**HOW TO COMPLETE THIS TASK:** In this exercise, retype exactly and only the lines from the top of the entries below through the line that holds "Hiệu suất loại", omitting pictures.

[[ DATA RECORDS open ]]

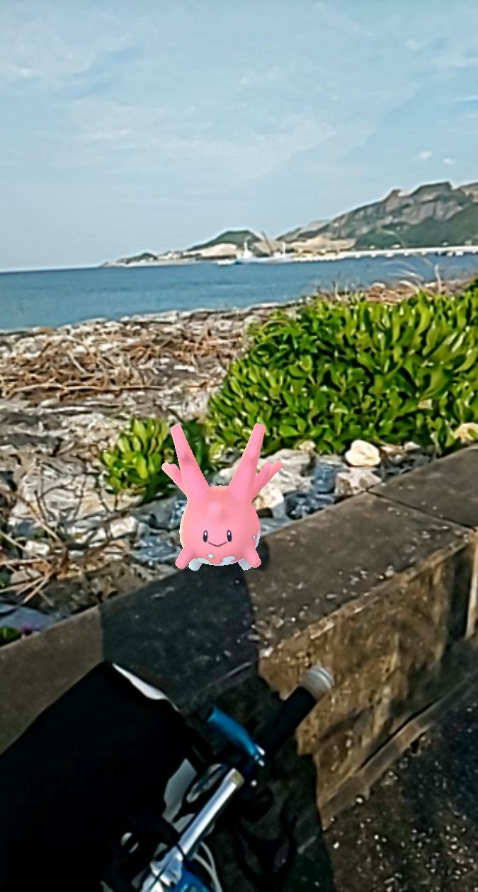 朝に丁度LINEで知り合いのかたから、『ポケモンGO』で沖縄にしかいないサニーゴを捕まえて欲しいとのリクエストがあった。そんなこんなで、サニーゴを探しながら北上をしていた。沖縄らしい珊瑚がモチーフのポケモンです。海岸線を走っていると…
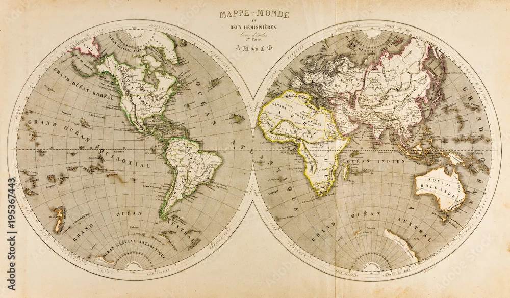 Fototapeta Antyczna mapa świata na dwóch półkulach, retro, XIX wiek
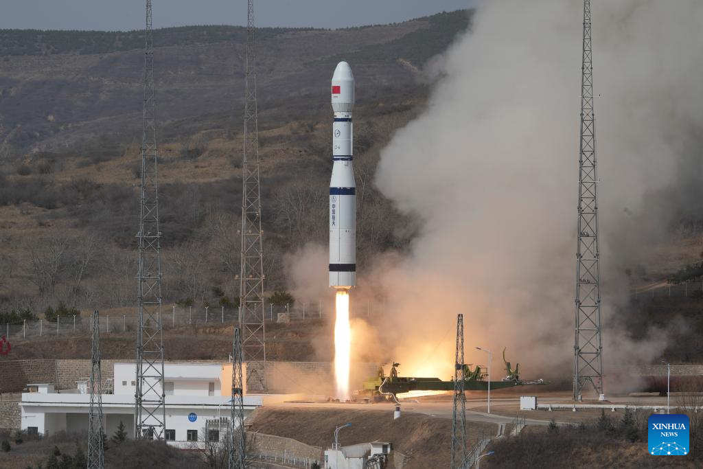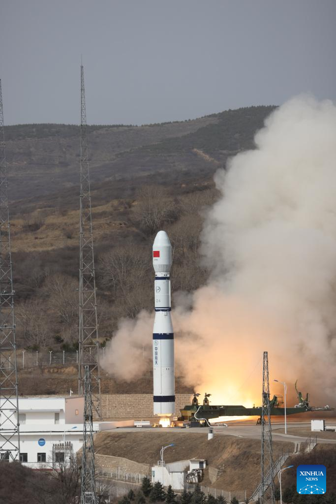 TAIYUAN, April 3 (Xinhua) -- China sent a new satellite into space on Thursday from the Taiyuan Satellite Launch Center in north China's Shanxi Province.
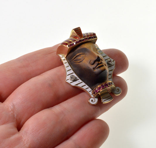 Antique Egyptian Revival 14K Gold Pharaoh Brooch Enamel Diamond Ruby Tiger's Eye C.1900
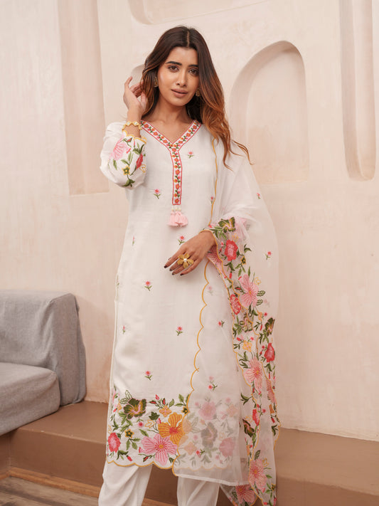 White Floral Embroidered Poly Chanderi V-Neck Kurta With Trousers And Dupatta
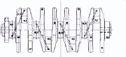 为减小曲轴质量及运动时所产生的离心力,曲轴轴颈往往作成中空的。在每个轴颈表面上都开有油孔,以便将机油引入或引出,用以润滑轴颈表面。为减少应力集中,主轴颈、曲柄销与曲柄臂的连接处都采用过渡圆弧连接。
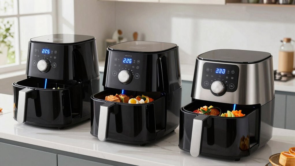 They’re definitely up to the task for large family meals. Double stack air fryers with probes let me cook more food at once, saving time and effort. I love that I can monitor the temperature precisely, ensuring everything’s cooked perfectly. It’s a real game-changer, especially when feeding a crowd. If you’re looking to make big batches without sacrificing quality, these fryers are a smart choice.
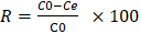 Hiệu suất loại bỏ TC và dung lượng hấp phụ được xác định theo công thức:
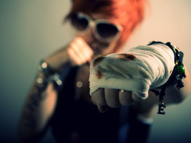 Обои Сбитый кулак у девушки боксера

[[ DATA RECORDS closed ]]

**ANSWER BOX:**
 朝に丁度LINEで知り合いのかたから、『ポケモンGO』で沖縄にしかいないサニーゴを捕まえて欲しいとのリクエストがあった。そんなこんなで、サニーゴを探しながら北上をしていた。沖縄らしい珊瑚がモチーフのポケモンです。海岸線を走っていると…
 Fototapeta Antyczna mapa świata na dwóch półkulach, retro, XIX wiek
 TAIYUAN, April 3 (Xinhua) -- China sent a new satellite into space on Thursday from the Taiyuan Satellite Launch Center in north China's Shanxi Province.
 Antique Egyptian Revival 14K Gold Pharaoh Brooch Enamel Diamond Ruby Tiger's Eye C.1900
 White Floral Embroidered Poly Chanderi V-Neck Kurta With Trousers And Dupatta
 为减小曲轴质量及运动时所产生的离心力,曲轴轴颈往往作成中空的。在每个轴颈表面上都开有油孔,以便将机油引入或引出,用以润滑轴颈表面。为减少应力集中,主轴颈、曲柄销与曲柄臂的连接处都采用过渡圆弧连接。
 They’re definitely up to the task for large family meals. Double stack air fryers with probes let me cook more food at once, saving time and effort. I love that I can monitor the temperature precisely, ensuring everything’s cooked perfectly. It’s a real game-changer, especially when feeding a crowd. If you’re looking to make big batches without sacrificing quality, these fryers are a smart choice.
 Hiệu suất loại bỏ TC và dung lượng hấp phụ được xác định theo công thức:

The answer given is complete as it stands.